According to Mishra and colleagues, AFM has caused more than 560 cases of motor paralysis in the United States in the last 5 years.

To explore the possible relationship between AFM and enteroviruses, the researchers used a viral-capture high-throughput sequencing system to analyze CSF collected from 14 people with AFM and five people with other central nervous system diseases. They then tested CSF and serum samples from patients and controls for antibodies to enteroviruses using peptide microarrays.

They identified enterovirus RNA in CSF from only one adult with AFM and one non-AFM case. However, most patients with AFM (n = 11; 79%) had antibodies to enterovirus peptides in their spinal fluid, according to Mishra and colleagues. This prevalence was significantly higher than the prevalence identified among non-AFM patients (n = 1 of 5; 20%), adults with other non-AFM central nervous system diseases (n = 2 of 11; 18%) and children with Kawasaki disease (n = 0 of 10), they reported.

According to the study, peptides to EV-D68 — an enterovirus that has been suspected to cause AFM among children — were commonly identified among patients with AFM (CSF: n = 6 of 14 [43%]; serum samples: n = 8 of 11 [73%]). Furthermore, the researchers identified no immunoreactivity against EV-D68 in three control groups through their CSF (group 1: n = 0 of 5; P = .008; group 2: n = 0 of 10; P = .0003; group 3: n = 0 of 11; P = .035) or serum (n = 0 of 2; P = .139; group 2: n = 0 of 8; P = .002; group 3: n = 0 of 5; P = .009).

“Pathogen discovery has historically focused on direct detection of infectious agents. The introduction of new methods that allow us to also test for footprints of exposure will lead to new insights into infectious diseases,” W. Ian Lipkin, MD, director of Center for Infection and Immunity, said in the release. – by Katherine Bortz

Disclosures: The authors report no relevant financial disclosures.

    Perspective
    Anthony S. Fauci

    Anthony S. Fauci

    Enteroviruses have been strongly implicated as a causative agent of AFM. However, their genetic material has rarely been recovered in CSF specimens from patients with AFM and causation has not been established.

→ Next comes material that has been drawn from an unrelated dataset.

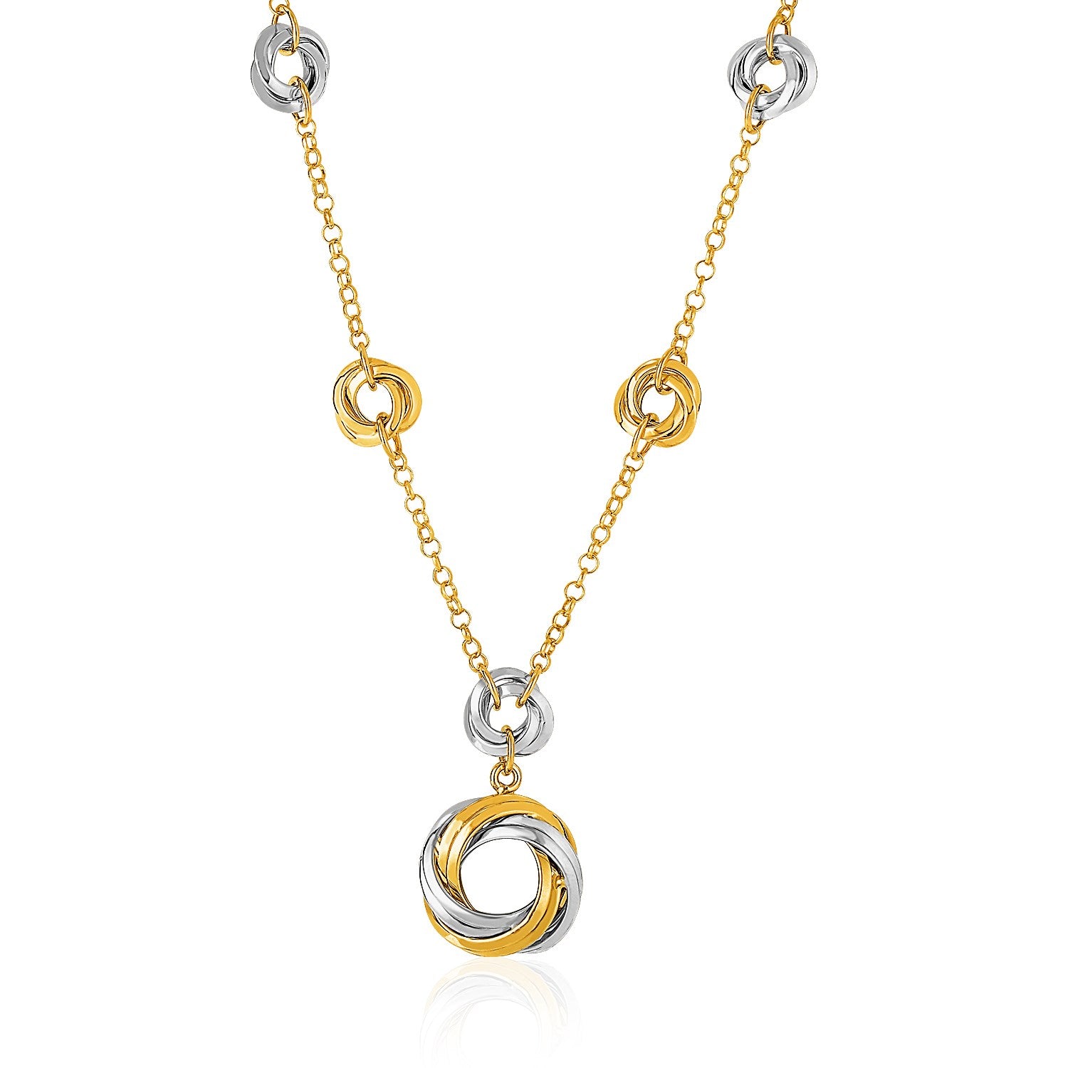 Yellow and white gold swirls dance across a simple gold chain necklace. Necklace is 17 inches long.

    Lipkin and colleagues analyzed CSF and serum samples from 14 patients with AFM collected in 2018, as well as from control patients with non-AFM central nervous system diseases and Kawasaki disease. Using a novel peptide microarray platform, they found antibodies against enterovirus peptides in the CSF of AFM cases at a higher rate than in controls. When they looked for antibodies against a peptide specific to EV-D68, it was found in 43% of CSF and 73% of serum from AFM cases and not in the CSF or serum of the controls.

    Identifying the cause of AFM is critical to develop the most effective treatments, vaccines and diagnostic assays. This work is an important step in that direction. These important findings warrant further investigation regarding the association between EV-D68 and other enteroviruses with AFM. 

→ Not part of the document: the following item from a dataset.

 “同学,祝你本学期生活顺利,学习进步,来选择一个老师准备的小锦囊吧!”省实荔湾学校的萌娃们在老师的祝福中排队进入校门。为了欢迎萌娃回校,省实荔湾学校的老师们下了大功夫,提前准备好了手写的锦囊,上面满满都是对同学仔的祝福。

    • Anthony S. Fauci, MD
    • Director
      National Institute of Allergy and Infectious Diseases

    Disclosures: Fauci reports no relevant financial disclosures.

    Perspective
    Amesh A. Adalja

    Amesh A. Adalja

    As the mysteries of AFM are unraveled, there is a growing amount of converging evidence that points to an enteroviral infection as being the trigger for this syndrome. That antibodies were found to enterovirus peptides in the CSF of patients with AFM is another piece of a puzzle.

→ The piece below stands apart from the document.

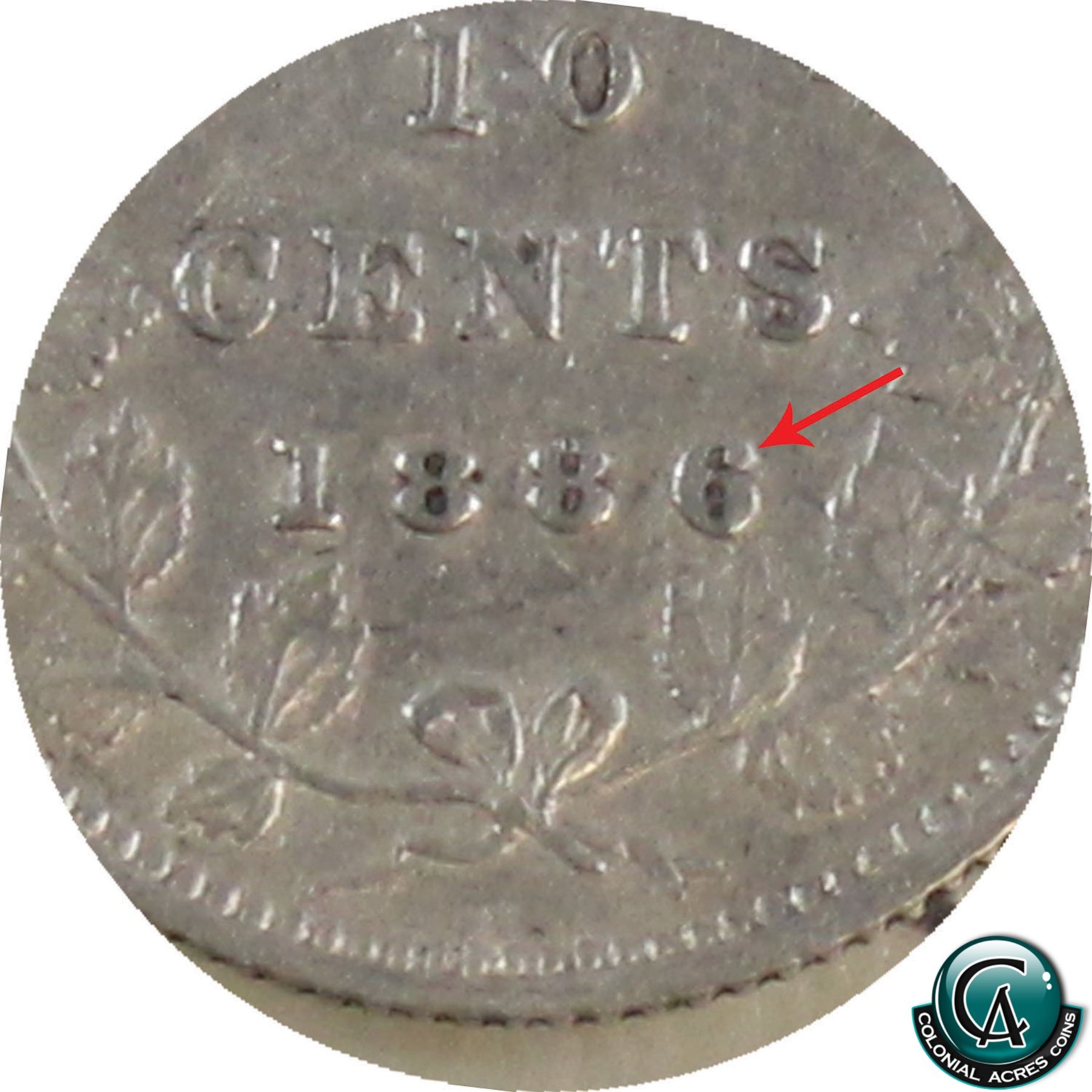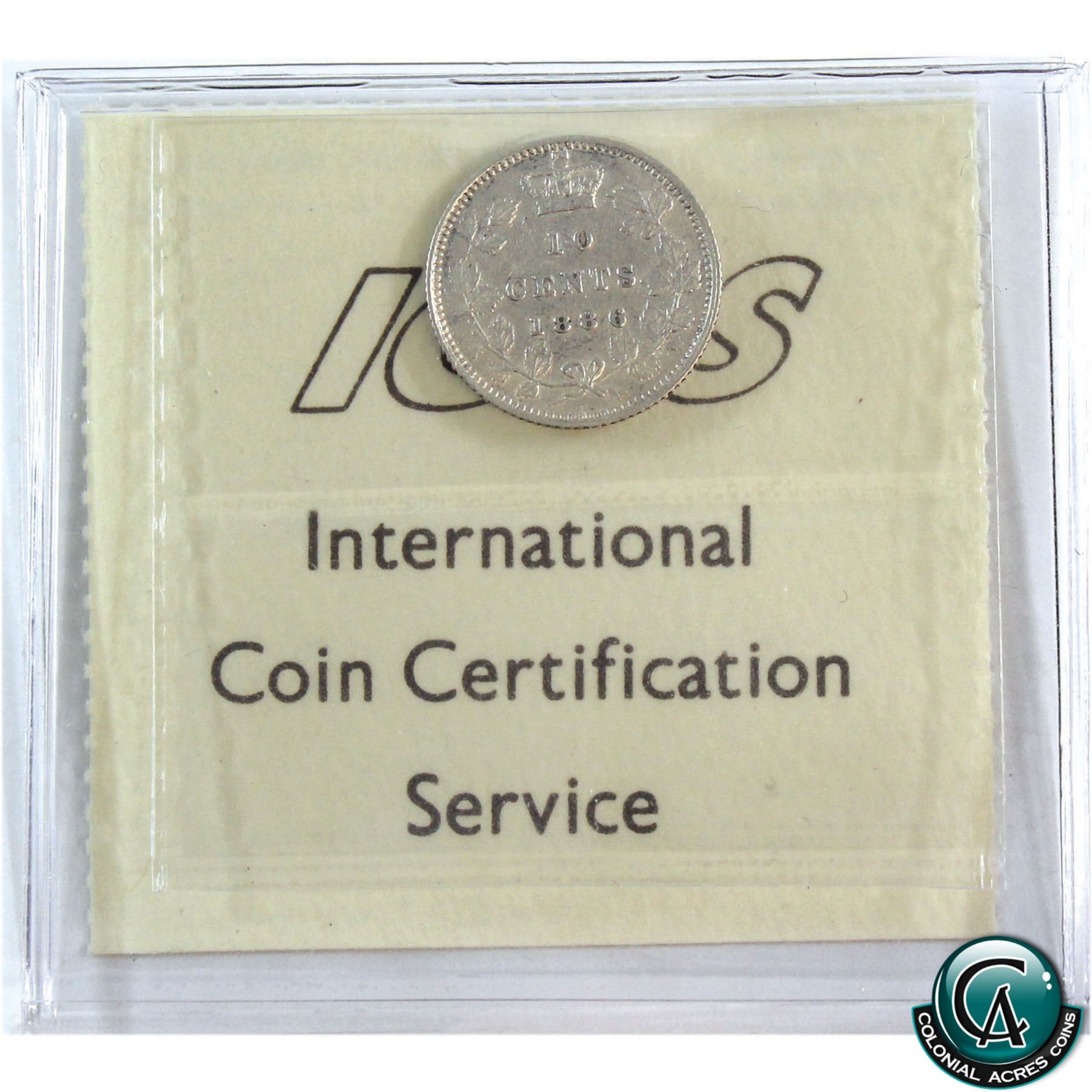 10-cent 1886 Large Knob 6 Obverse 5 ICCS Certified VF-30.

    As a consensus emerges around enterovirus infections as the etiologic agent, it is hoped that it will spur research efforts to understand the risk factors and the pathophysiology for this complication as well as efforts to further develop enterovirus vaccines.

    • Amesh A. Adalja, MD
    • Senior scholar
      Johns Hopkins Center for Health Security

    Disclosures: Adalja reports no relevant financial disclosures.